REQUIRED WORK:
A verbatim copy of the listing is what is needed, minus any pictures.

GIVEN DATA:

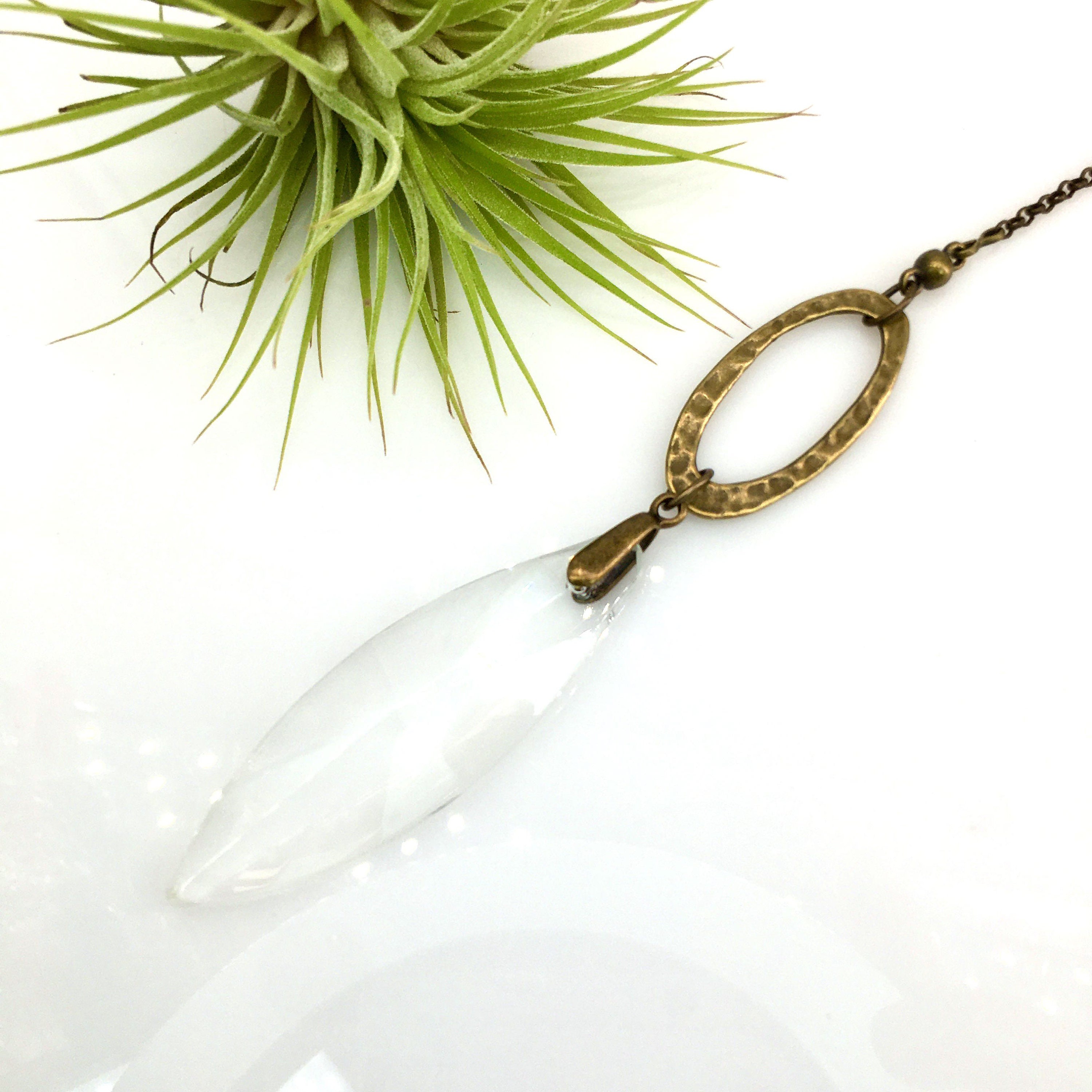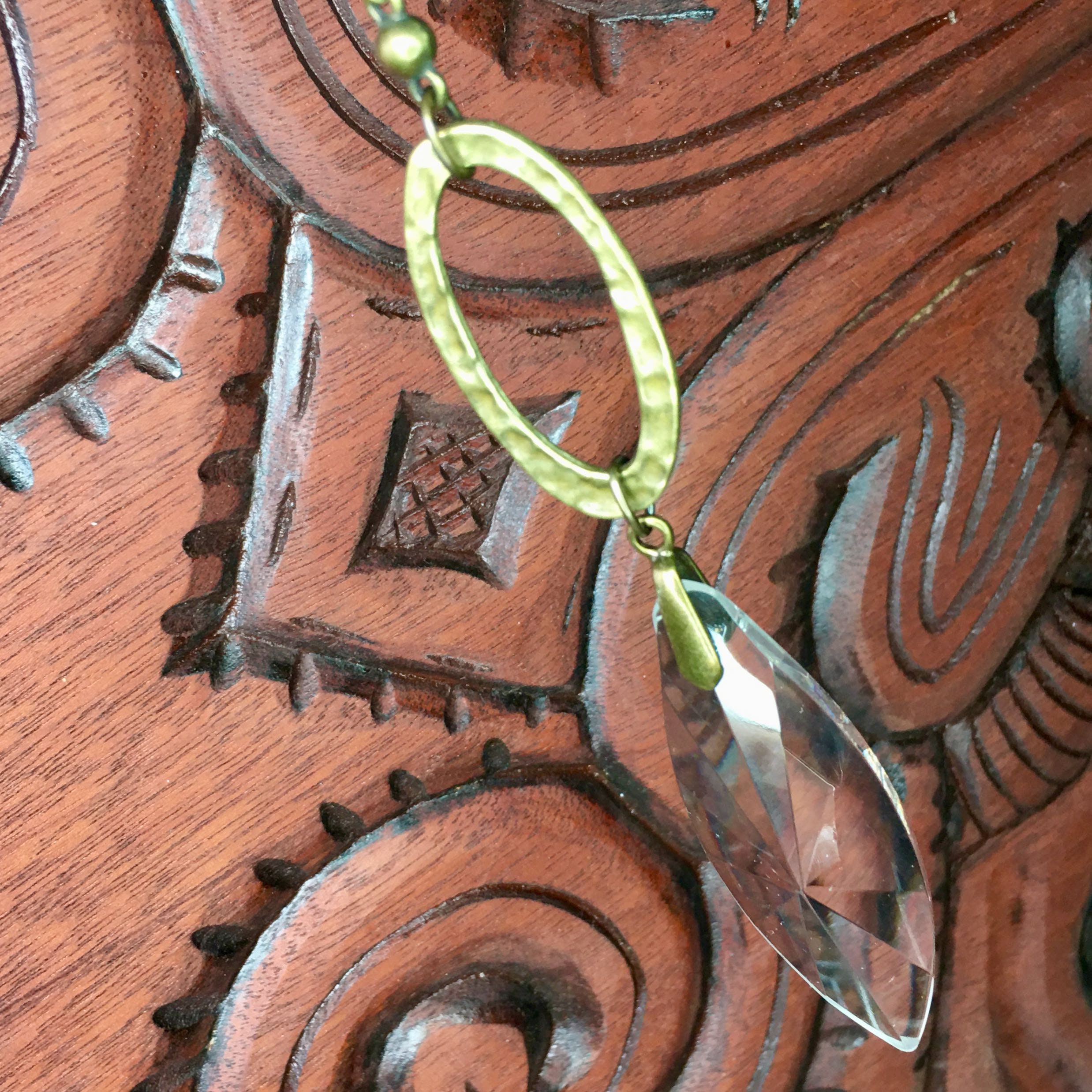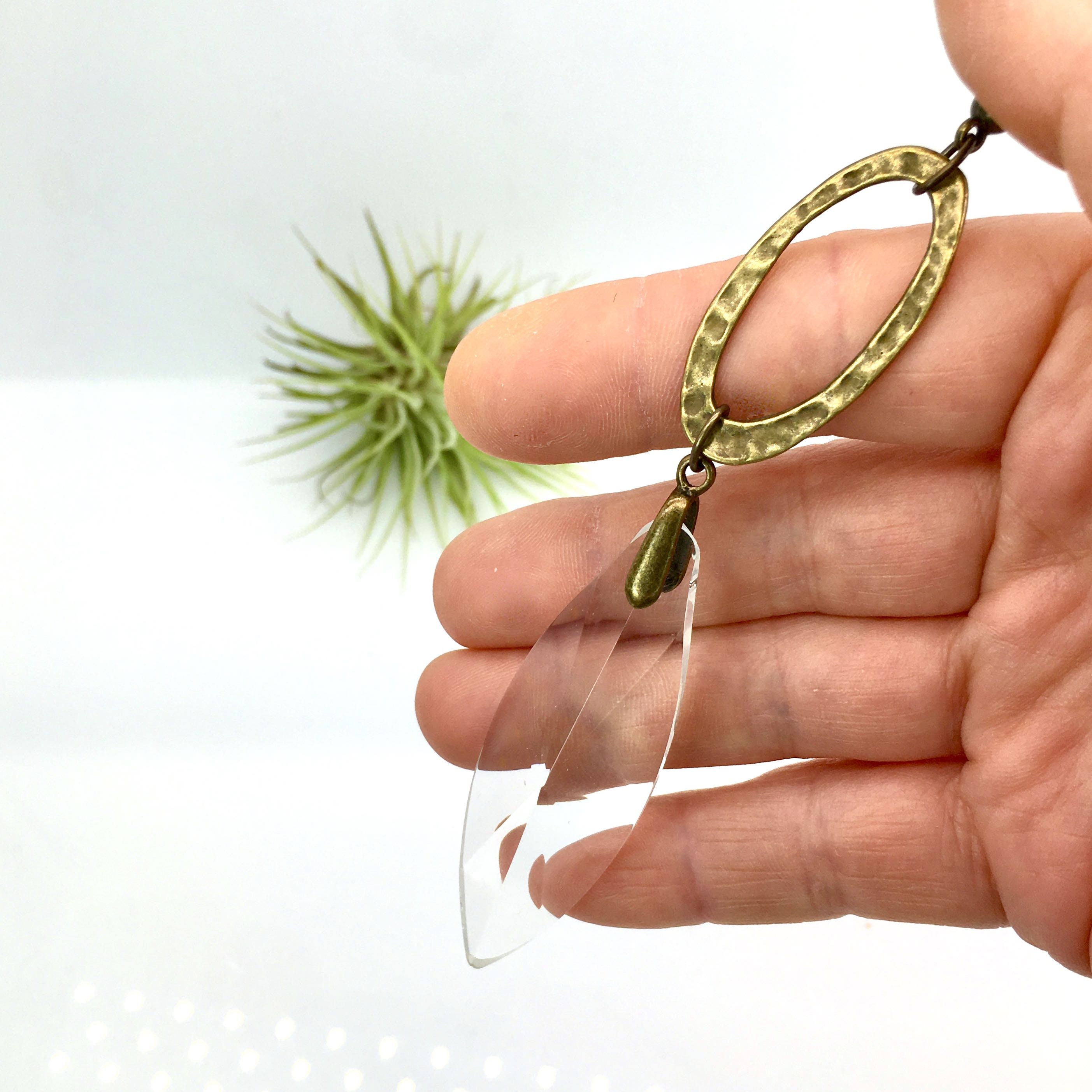 Simplistic in our unique hand made design, made with high-quality craftsmanship faceted crystal prism (70mm, 3"x1" Inch Crystal) carefully hand strung with simple hammered bronze focal to give an irresistible appearance.
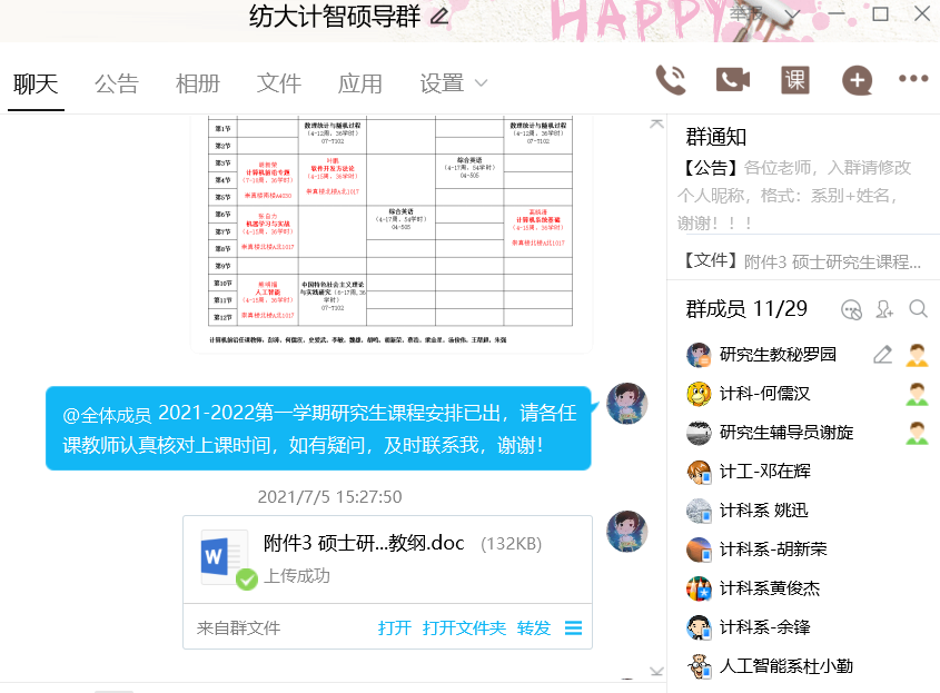 为提高研究生研学效率效果,学院率先建立了研究生导师QQ群,科学高效对不同类别的研究生进行专项服务管理。
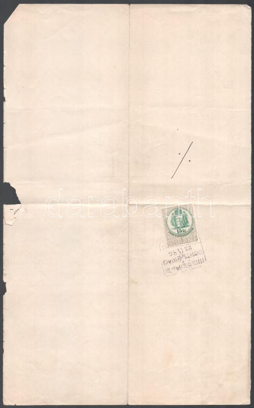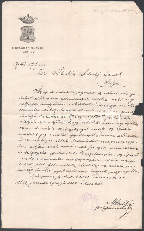 1897 Stobbe Adolf épÃtÅ‘mester, Stobbe Kálmán (1883-1936) épÃtÅ‘mester, dÃszlettervezÅ‘, labdarúgó, a magyar válogatott edzÅ‘je édesapjának épÃtÅ‘mesteri engedélye ("... az épÃtÅ‘ mesterség önálló gyakorlását önnek megengedte.") 15 kr okmánybélyeggel, pecséttel, "Kolozsvár Sz. Kir. Város Tanácsa" cÃmeres fejléces papÃron, Albach Géza (1829-1900) Kolozsvár polgármesterének (1886-1898) autográf aláÃrásával. A papÃr egyik szélén kis szakadással.
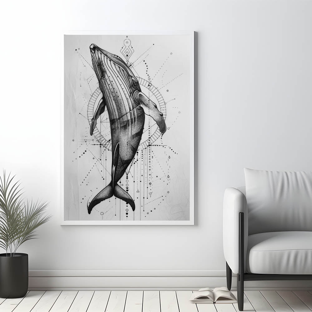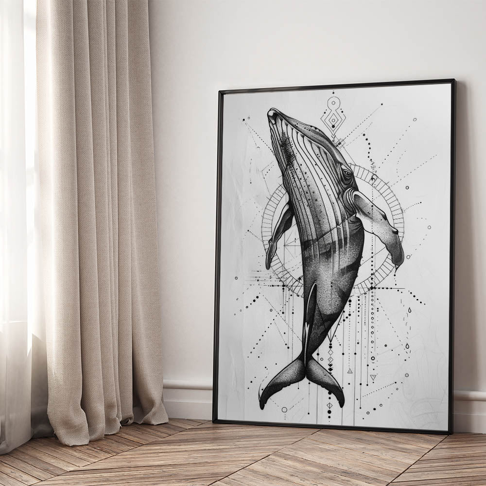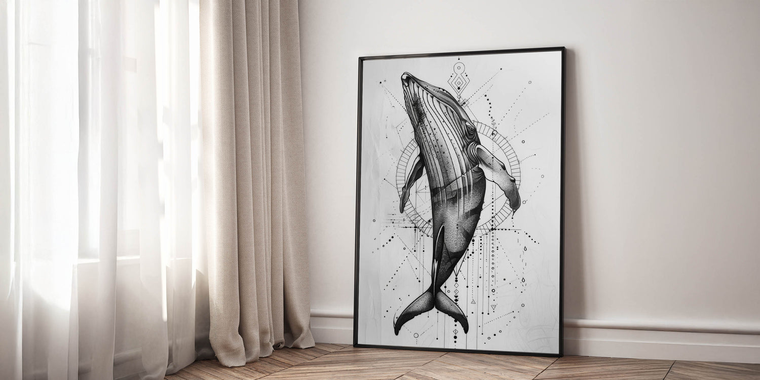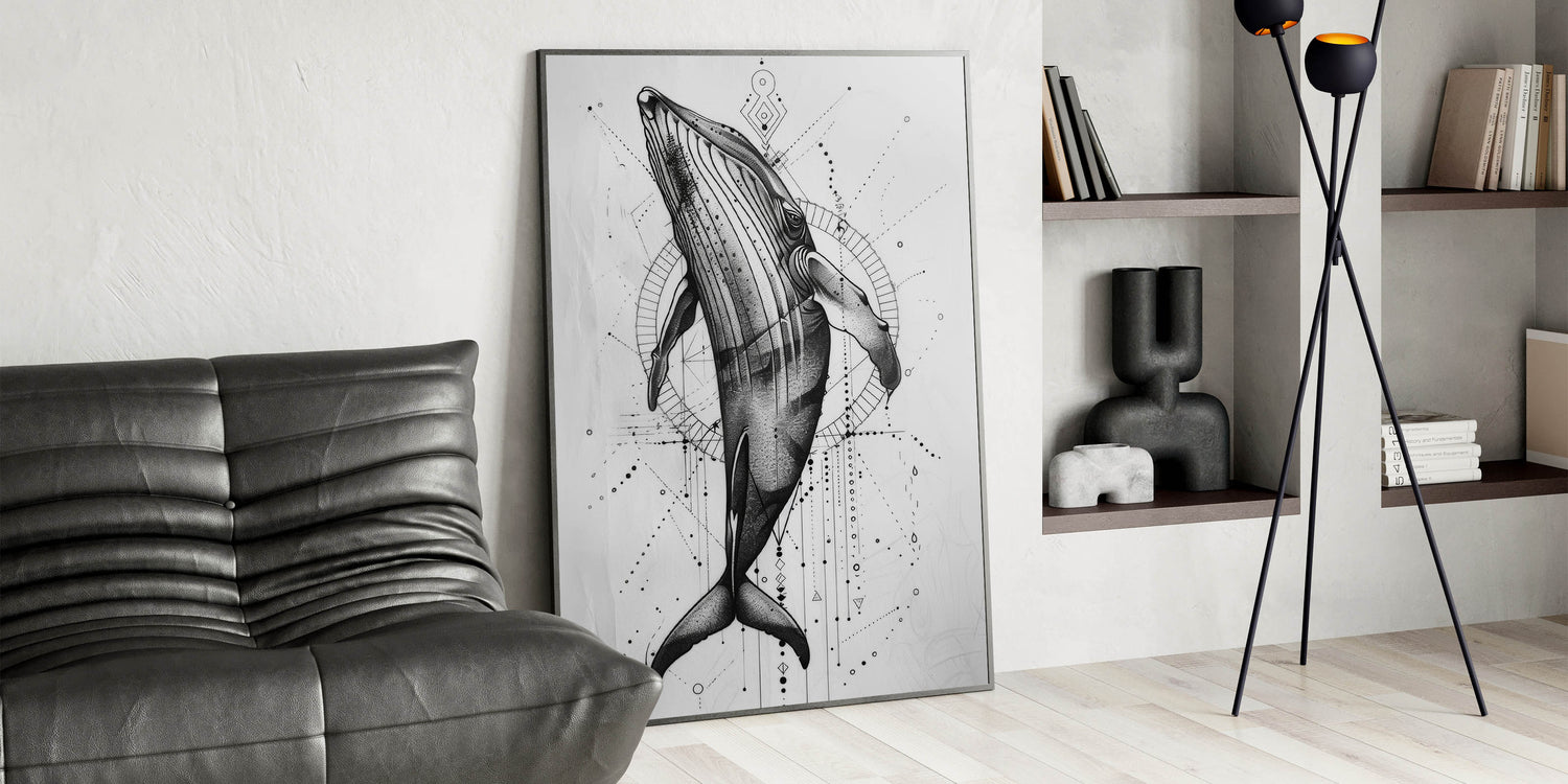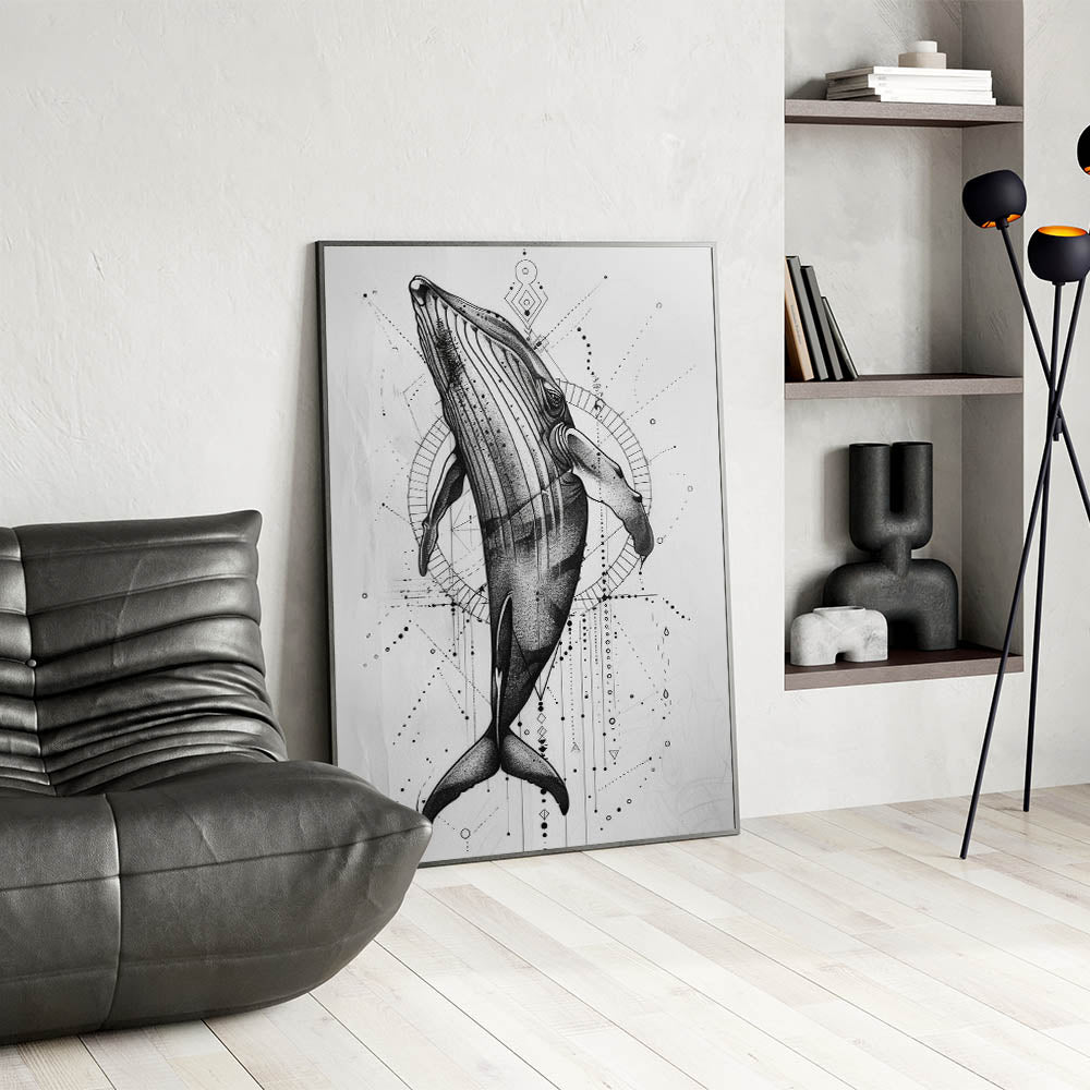 Immerse yourself in the beauty of the deep blue with this Geometric Whale Wall Art, a captivating piece that blends modern geometric patterns with the graceful form of a whale. This artwork, with its intricate black and white design, is perfect for those looking to add a touch of marine life elegance to their space. Whether you’re an ocean lover or a fan of contemporary art, this piece offers a unique way to bring the ocean’s majesty into your home. Available in a range of formats including stretched canvas, framed canvas, acrylic glass, and more, it’s easy to find the perfect fit for your decor.

EXERCISE SOLUTION:
 Simplistic in our unique hand made design, made with high-quality craftsmanship faceted crystal prism (70mm, 3"x1" Inch Crystal) carefully hand strung with simple hammered bronze focal to give an irresistible appearance.
 为提高研究生研学效率效果,学院率先建立了研究生导师QQ群,科学高效对不同类别的研究生进行专项服务管理。
 1897 Stobbe Adolf épÃtÅ‘mester, Stobbe Kálmán (1883-1936) épÃtÅ‘mester, dÃszlettervezÅ‘, labdarúgó, a magyar válogatott edzÅ‘je édesapjának épÃtÅ‘mesteri engedélye ("... az épÃtÅ‘ mesterség önálló gyakorlását önnek megengedte.") 15 kr okmánybélyeggel, pecséttel, "Kolozsvár Sz. Kir. Város Tanácsa" cÃmeres fejléces papÃron, Albach Géza (1829-1900) Kolozsvár polgármesterének (1886-1898) autográf aláÃrásával. A papÃr egyik szélén kis szakadással.
 Immerse yourself in the beauty of the deep blue with this Geometric Whale Wall Art, a captivating piece that blends modern geometric patterns with the graceful form of a whale. This artwork, with its intricate black and white design, is perfect for those looking to add a touch of marine life elegance to their space. Whether you’re an ocean lover or a fan of contemporary art, this piece offers a unique way to bring the ocean’s majesty into your home. Available in a range of formats including stretched canvas, framed canvas, acrylic glass, and more, it’s easy to find the perfect fit for your decor.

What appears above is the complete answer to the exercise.